The FlightAware 1090 ADSB Filter.
The Moonraker MRM-1090 Receiving Antenna.
I unpacked everything and was keen to get started. The micro SD card was shipped in the appropriate slot on the Raspberry Pi. Popping it in an adapter and into a slot on my laptop, I could see that there were files on it, but none to boot a Raspberry Pi! No matter! All the instructions for the setup are at this URL: https://flightaware.com/adsb/piaware/build
Just follow the instructions, but in short, you will download a zip file from the FlightAware website onto your computer. When unzipped, this is an ‘image-file’. You will then use the Etcher utility (also linked from the instructions) to write to the micro SD card.
After this, you should insert the latter into the card slot on the Raspberry Pi.
If you haven’t done this before, don’t worry – it is very simple; there are instructions for both Windows and OS X computers! The only thing to be careful of, when you are writing the image, is that you write the image to the correct disk, i.e. the microSD card – otherwise things might go a lot wrong with your laptop or computer!
Almost done; the only thing remaining for configuring the Raspberry Pi was, with the microSD card in my laptop, to find and open the piaware-config.txt file, locate the section regarding Wi-Fi and replace the details in there, with the name of my Wi-Fi network (the SSID) and the password. Save the file and you are done!

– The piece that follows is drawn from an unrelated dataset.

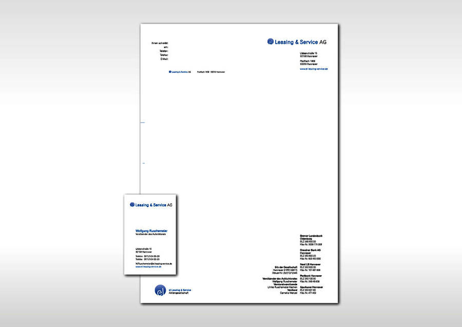 Die el Leasing & Service AG erhält als erster Unternehmensbereich Geschäftsausstattung und Informationsmedien im neuen Design. Es folgen Unterlagen für die el Inkasso GmbH und die el Factoring GmbH. Für die gemeinsame Präsentation der Unternehmen entstehen markenübergreifende Medien.
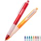 Wide-body retractable ballpoint pen features colored frost barrel with natural clip and rubber grip. Includes protective ballpoint covering. Blue or black high-quality fraud resistant ink is available. If not specified, black ink will be selected.

Insert the microSD card into the Raspberry Pi and connect the PSU to the Pi. For the first boot of the system, it’s probably easier (though not essential) to have a screen attached to the Pi, so I used an HDMI cable into the HDMI connector on the Pi. Connect the antenna into the ADS-B filter, then the filter into the Pro Stick Plus, and, finally, connect the Pro Stick Plus into a USB connection on the Pi.
Powering Up the System
You are now ready to power on the machine. You should see some activity on the screen, along with some instructions. There is plenty of useful information here, but the most important thing is that you will see a URL displayed that you can use to connect to the computer from another machine on the same Wi-Fi network. This allows you to ‘claim’ the receiver.
What this means is that you will set up an account on the FlightAware website’s log-in page and ‘associate’ the receiver with your account. This way, you will be able to see all sorts of statistics about how well your receiver is performing, by means of using the My ADSB section of the FlightAware website.
You should also spend a little time setting up the Multilateration (MLAT) feature. This means that your receiver can help triangulate positions of aircraft, which are not broadcasting their position, or which are not equipped with the latest ADS-B technology.
All you need to do this is to pick your position on a map and set it. You’ll also be asked to enter the height of your antenna above ground.
By now, even with the antenna on the desk in front of you, it’s likely you will be picking up some aircraft positions. From a laptop, phone or another computer on the same Wi-Fi network as your Pi, go to the IP address that your Pi displayed. You should see a web page which will say Go to Map. Click that, and you should see a nice web page showing a map (you’ll need to ‘centre’ it on your location), as well as a list of aircraft, and some details about those.
Next to being displayed on your screen, these are also being uploaded to the FlightAware system.
You can now have some fun positioning your receiver and antenna in the best possible place. Because the Pi is now fully configured, you don’t need to have the screen connected, so you can move the computer and receiver to anywhere in your house where there’s a power socket and where things are within Wi-Fi coverage.
First of all, I decided to locate the receiver in an upstairs window, facing west. It was immediately obvious to me that the receiver was picking up more distant aircraft than my previous setup. I guessed that this was down to the antenna more than anything else. The Pro Stick Plus is based on the same receiver chip as the RTL-SDR, although it has an additional filter stage.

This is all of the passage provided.